TRY IT = Every line of the listing below is to be duplicated exactly, with the pictures left out.

COLLECTED MATERIAL =
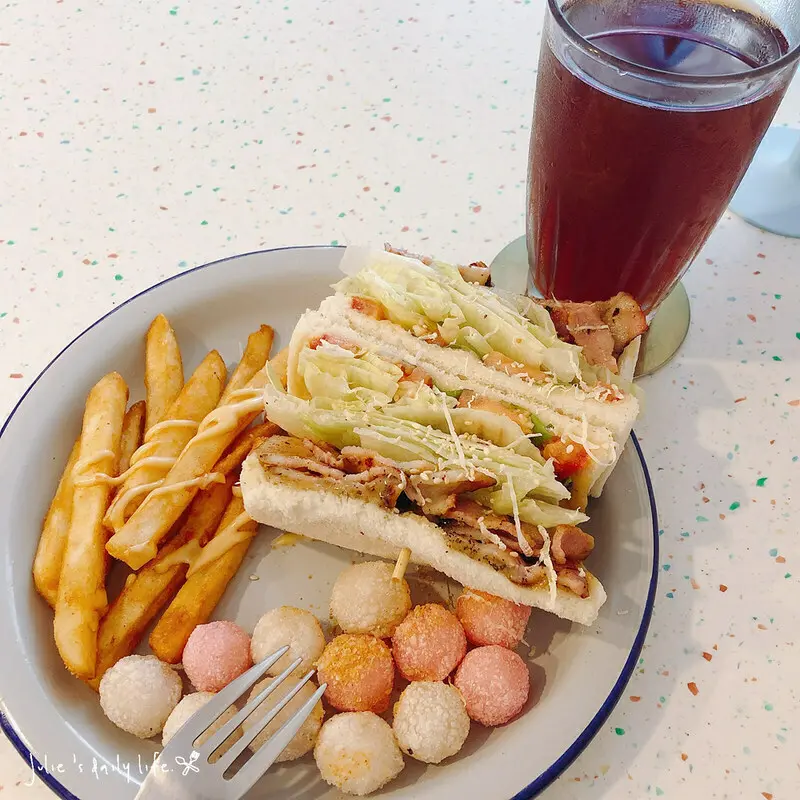 鹹香的培根搭配上大量的生菜,平衡了鹹度,讓整體吃起來感覺很清爽不油膩。脆薯跟湯圓雖然都是配角,但炸湯圓實在太搶鏡了,吃完三明治跟脆薯再吃湯圓,有一種吃到甜點可以收尾的感覺。<全文介紹>
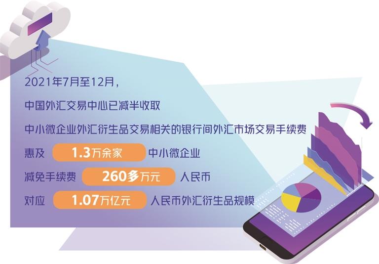 数据显示,2021年7月至12月,中国外汇交易中心已减半收取中小微企业外汇衍生品交易相关的银行间外汇市场交易手续费,惠及50家金融机构服务的1.3万余家中小微企业,减免手续费260多万元人民币,对应1.07万亿元人民币外汇衍生品规模。据测算,2022年,中国外汇交易中心免收中小微企业外汇衍生品交易相关的银行间外汇市场交易手续费预计超过1100万元人民币。此举将进一步引导金融机构支持中小微企业更好参与汇率风险管理服务。
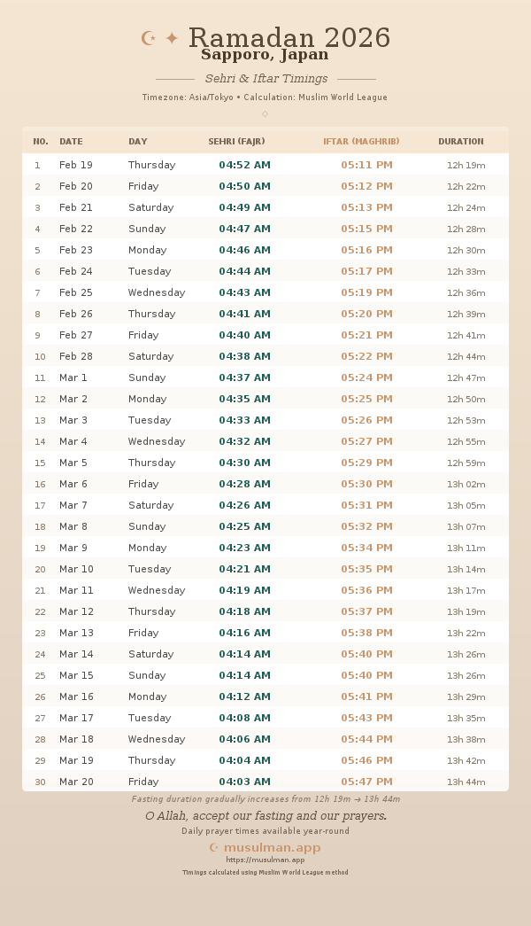 Sehri & Iftar Timings - Sapporo, Japan
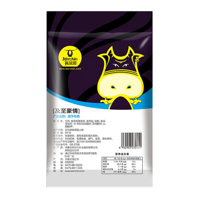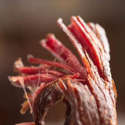 选用每头牛的后腿肉精制,自然烘干,烘烤而成,口感地道有嚼劲。

SOLUTION =
 鹹香的培根搭配上大量的生菜,平衡了鹹度,讓整體吃起來感覺很清爽不油膩。脆薯跟湯圓雖然都是配角,但炸湯圓實在太搶鏡了,吃完三明治跟脆薯再吃湯圓,有一種吃到甜點可以收尾的感覺。<全文介紹>
 数据显示,2021年7月至12月,中国外汇交易中心已减半收取中小微企业外汇衍生品交易相关的银行间外汇市场交易手续费,惠及50家金融机构服务的1.3万余家中小微企业,减免手续费260多万元人民币,对应1.07万亿元人民币外汇衍生品规模。据测算,2022年,中国外汇交易中心免收中小微企业外汇衍生品交易相关的银行间外汇市场交易手续费预计超过1100万元人民币。此举将进一步引导金融机构支持中小微企业更好参与汇率风险管理服务。
 Sehri & Iftar Timings - Sapporo, Japan
 选用每头牛的后腿肉精制,自然烘干,烘烤而成,口感地道有嚼劲。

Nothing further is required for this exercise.